Build a foreground timeline without decoding audio.

Lightweight variant of :func:build_foreground that reads MP3 durations via mutagen header inspection instead of loading full audio via pydub. Enables --dry-run --timeline without expensive audio decoding.

Parameters:

  • stem_plans (list[StemPlan]) –

    Classified stem list from :func:collect_stem_plans.

  • gap_ms (int, default: 600 ) –

    Silence gap between foreground stems in ms.

Returns:

  • int

    Tuple of (total_ms, timeline) where timeline maps

  • dict[int, int]

    sequence numbers to millisecond offsets.

Source code in src/xil_pipeline/mix_common.py
def build_foreground_timeline_only(
    stem_plans: list[StemPlan],
    gap_ms: int = 600,
) -> tuple[int, dict[int, int]]:
    """Build a foreground timeline without decoding audio.

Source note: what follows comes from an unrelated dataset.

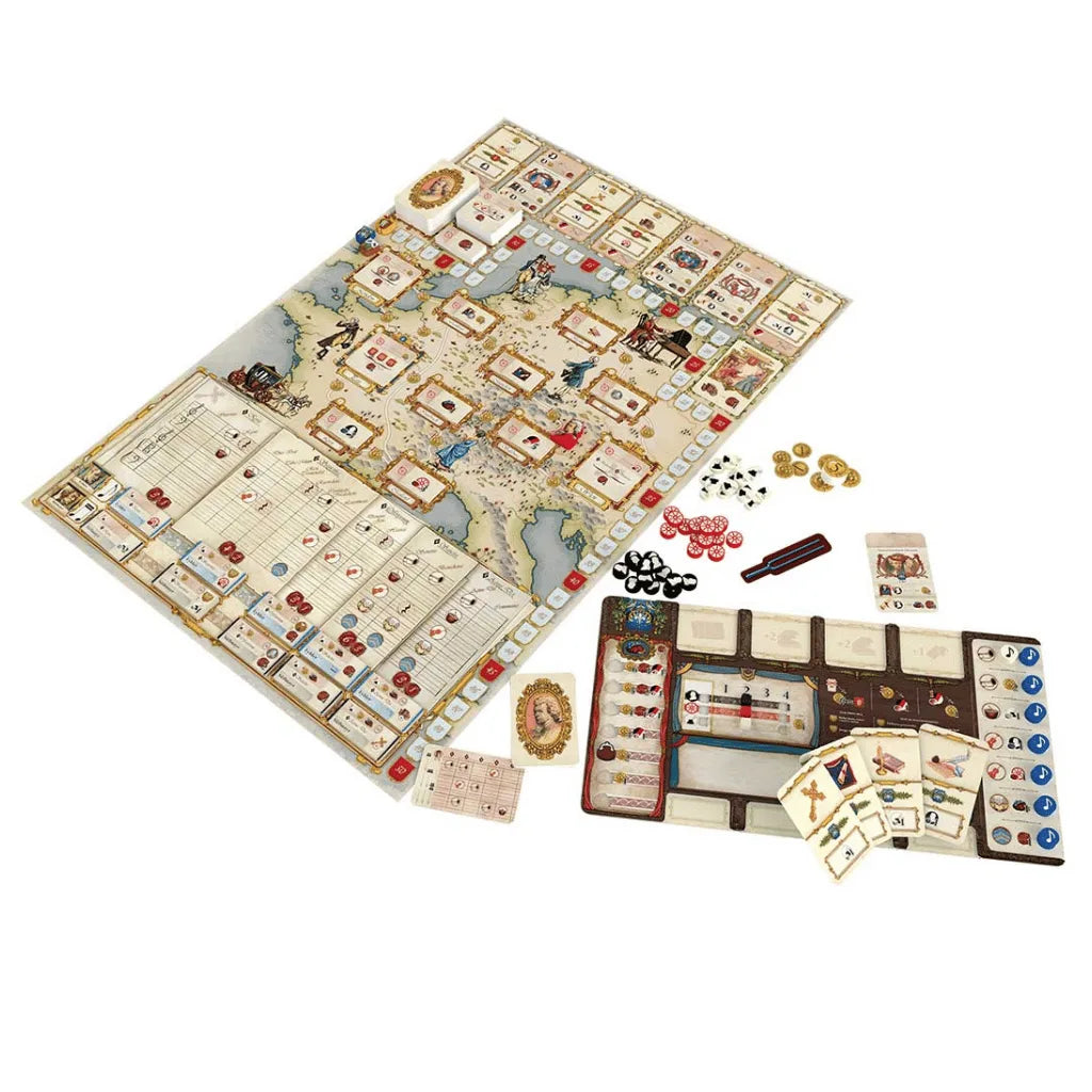 Lacrimosa tiene una puesta en mesa espectacular, con un tablero central repleto de detalles donde se representa un mapa del centro de Europa, a través del cual acompañaréis a Mozart en sus viajes. También se representan los fragmentos del Réquiem, que poco a poco se irá completando con vuestras acciones, y espacios para las cartas de obra y de memorias. Las cartas, que también se juegan en el tablero personal de cada jugador, son el motor principal de Lacrimosa y representan los recuerdos de los momentos vividos con Mozart y sus trabajos, que iréis patrocinando. A lo largo de las rondas, obtendréis nuevas cartas que mejorarán vuestro mazo personal a través de dos acciones disponibles: documentar los recuerdos y encargar una composición.Satisfacer los deseos de las cortes reales también os aportará beneficios cuando viajéis con Mozart por Europa. Si estáis atentos a los gustos de los monarcas y patrocináis sus composiciones favoritas (ópera, música religiosa, sinfonías o música de cámara) lograréis importantes beneficios. También sumaréis puntos de prestigio si prestáis atención a las tarjetas de bonificación de ronda, que os premiarán según qué acciones llevéis a cabo al final de una ronda.Lacrimosa es un elegante juego de gestión que también se puede disfrutar en solitario. En este modo un jugador se enfrenta al productor, actor y dramaturgo Emanuel Schikaneder, al que puede retar en tres niveles de dificultad posibles.Wolfgang Amadeus Mozart fue una figura clave en la historia de la música occidental, que influenció a varias generaciones tras su pronto fallecimiento. Lacrimosa es un gran homenaje al compositor austríaco, que nos acerca a su vida y su obra a través de una experiencia divertida y desafiante. ¿Lograréis honrar su legado y pasar a la posteridad junto a él?

    Lightweight variant of :func:`build_foreground` that reads MP3
    durations via mutagen header inspection instead of loading full
    audio via pydub.  Enables ``--dry-run --timeline`` without
    expensive audio decoding.

    Args:
        stem_plans: Classified stem list from :func:`collect_stem_plans`.
        gap_ms: Silence gap between foreground stems in ms.

    Returns:
        Tuple of ``(total_ms, timeline)`` where ``timeline`` maps
        sequence numbers to millisecond offsets.
    """
    timeline: dict[int, int] = {}
    current_ms = 0

    for plan in sorted(stem_plans, key=lambda p: p.seq):
        timeline[plan.seq] = current_ms
        if plan.is_background:
            continue
        duration = _mp3_duration_ms(plan.filepath)
        current_ms += duration + gap_ms

    return current_ms, timeline

compute_dialogue_labels

compute_dialogue_labels(stem_plans: list[StemPlan], timeline: dict[int, int]) -> list[tuple]

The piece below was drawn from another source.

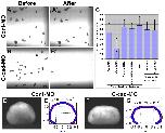 Fig.2. Adhesiveness of ectoderm cells. (AâC) Cells on C-cadherin-Fc substratum before and after dish inversion: (A,Aâ²) control MO-injected cells; (B,Bâ²) C-cad-MO cells (10 ng/embryo); (C) fraction of cells remaining attached. *Ratio significantly different from control condition (P<0.05). (DâG) Surface tensions of ectoderm. (D,F) Side view of aggregates after 2 hours. (E,G) Drop shapes (red lines) were fitted to scanned outlines of aggregates (blue) by axisymmetric drop shape analysis (ADSA). (D,E) Control; (F,G) C-cad-MO aggregates. |

Compute dialogue label tuples without loading audio.

Parameters:

  • stem_plans (list[StemPlan]) –

    Classified stem list.

  • timeline (dict[int, int]) –

    Cue-point timestamps from a foreground build.

Returns:

  • list[tuple]

    List of 7-element tuples (start_s, end_s, speaker, None, None, None, snippet)

  • list[tuple]

    where snippet is the first 5 words of the dialogue text (or None if no

  • list[tuple]

    text is available). Positions [3]–[5] are None (dialogue has no ramp or

  • list[tuple]

    play_duration); position [6] carries the snippet for the HTML tooltip.

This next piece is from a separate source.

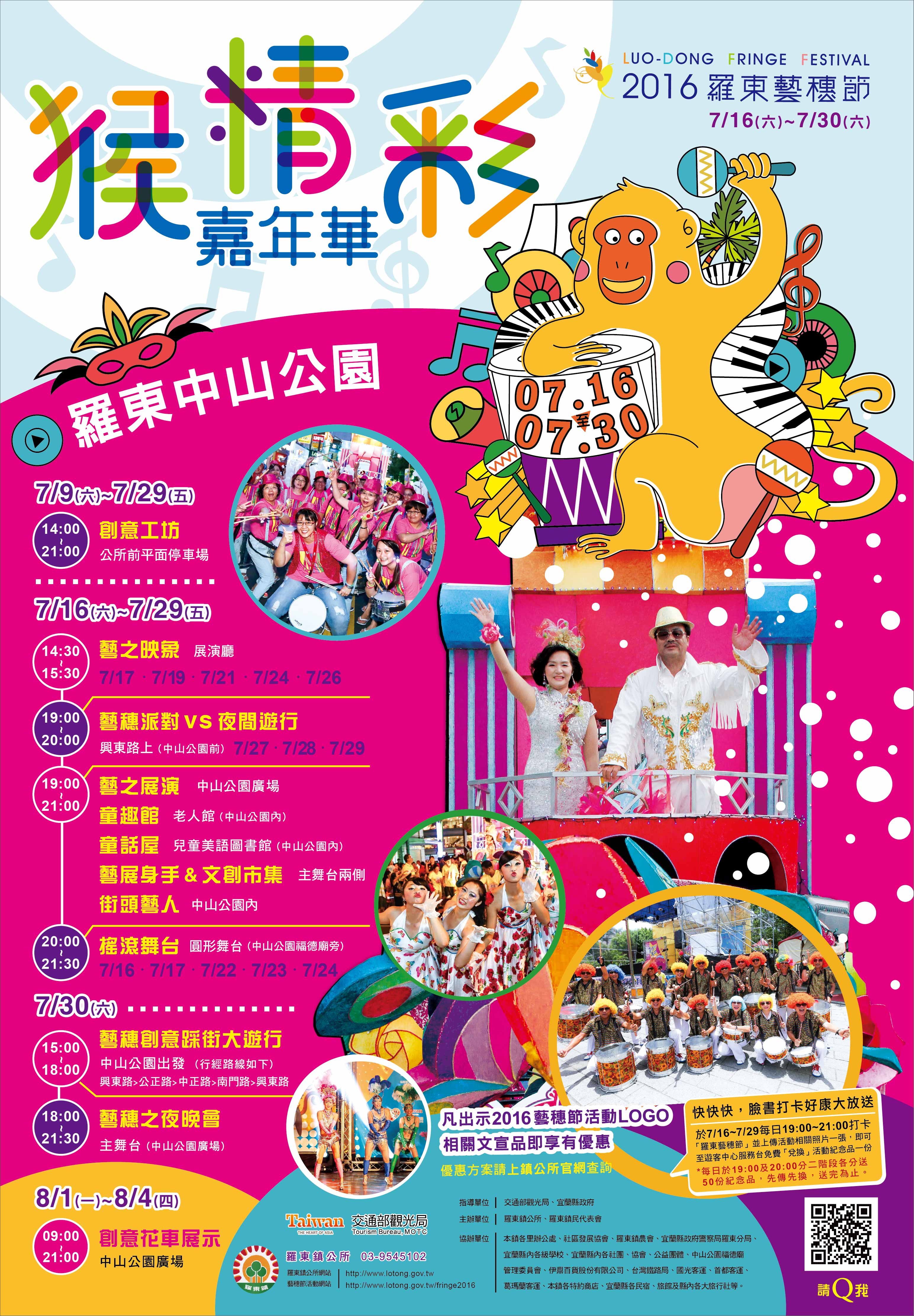 一、宜蘭縣羅東鎮公所105年7月11日羅鎮觀字第1050012474號函辦理。二、本活動期間自今(105)年7月16日(六)至7月30日(六),活動地點於本鎮中山公園及公所周邊舉行。 聯絡人:劉小姐 聯絡電話:03-9545102分機381

Source code in src/xil_pipeline/mix_common.py
def compute_dialogue_labels(
    stem_plans: list[StemPlan],
    timeline: dict[int, int],
) -> list[tuple]:
    """Compute dialogue label tuples without loading audio.

    Args:
        stem_plans: Classified stem list.
        timeline: Cue-point timestamps from a foreground build.

    Returns:
        List of 7-element tuples ``(start_s, end_s, speaker, None, None, None, snippet)``
        where *snippet* is the first 5 words of the dialogue text (or ``None`` if no
        text is available).  Positions [3]–[5] are ``None`` (dialogue has no ramp or
        play_duration); position [6] carries the snippet for the HTML tooltip.
    """
    labels = []
    for plan in sorted(stem_plans, key=lambda p: p.seq):
        if plan.entry_type != "dialogue":
            continue
        start_ms = timeline.get(plan.seq, 0)
        duration = _mp3_duration_ms(plan.filepath)
        end_ms = start_ms + duration
        basename = os.path.splitext(os.path.basename(plan.filepath))[0]
        speaker = basename.rsplit("_", 1)[-1]
        words = (plan.text or "").split()
        snippet = " ".join(words[:5]) if words else None
        labels.append((start_ms / 1000.0, end_ms / 1000.0, speaker, None, None, None, snippet, None, plan.seq, plan.tts_model))
    return labels

compute_ambience_labels

compute_ambience_labels(stem_plans: list[StemPlan], timeline: dict[int, int], total_ms: int) -> list[tuple[float, float, str]]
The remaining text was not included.